The question answering engine will be aimed at users of Earth Observation data, and will enable them to discover datasets by posing natural language questions (like these posed to search engines like Google).

Therefore we are currently collecting interesting questions from users like you and we kindly ask for your help to provide us with 10 questions that may be posed to a system like the Copernicus Open Access Hub, one of the five DIASes, or any other Earth Observation data portal, with the intention of discovering an EO dataset of interest to you.


Users can specify some other metadata, such as sensing period, satellite platform and cloud cover. To answer user questions, EarthQA queries two interlinked knowledge graphs: a knowledge graph encoding metadata of satellite images from the CREODIAS cloud platform (the SPARQL endpoint of CREODIAS) and the well-known knowledge graph DBpedia. Hence, the questions can refer to image metadata (e.g., satellite platform, sensing period, cloud cover), but also to geospatial entities appearing in DBpedia knowledge graph (e.g., lake, Greece). In this way, the users can ask questions like “Find all Sentinel-1 GRD images taken during October 2021 that show large lakes in Greece having an area greater than 100 square kilometers”.

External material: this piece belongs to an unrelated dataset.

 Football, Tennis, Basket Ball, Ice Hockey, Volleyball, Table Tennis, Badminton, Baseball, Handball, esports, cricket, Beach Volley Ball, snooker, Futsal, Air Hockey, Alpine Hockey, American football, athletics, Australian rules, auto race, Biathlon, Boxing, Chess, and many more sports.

EarthQA follows a template-based approach to translate natural language questions into formal queries (GeoSPARQL). Initially, it decomposes the user question by generating its dependency parse tree and then automatically disambiguates the components appearing in the question to elements of the two knowledge graphs.  In particular, it automatically identifies the spatial or temporal entities (e.g., “Greece”, “October 2021”), concepts (e.g., “lake”), spatial or temporal relations (e.g., “in”, “during”), properties (e.g., “area”) and product types (e.g., “Sentinel-1 GRD”) and other metadata (e.g., “cloud cover below 10%”) mentioned in the question and maps them to the respective elements appearing in the two knowledge graphs (dbr:Greece, dbo:Lake, dbp:area, etc). After this, the GeoSPARQL query is automatically generated.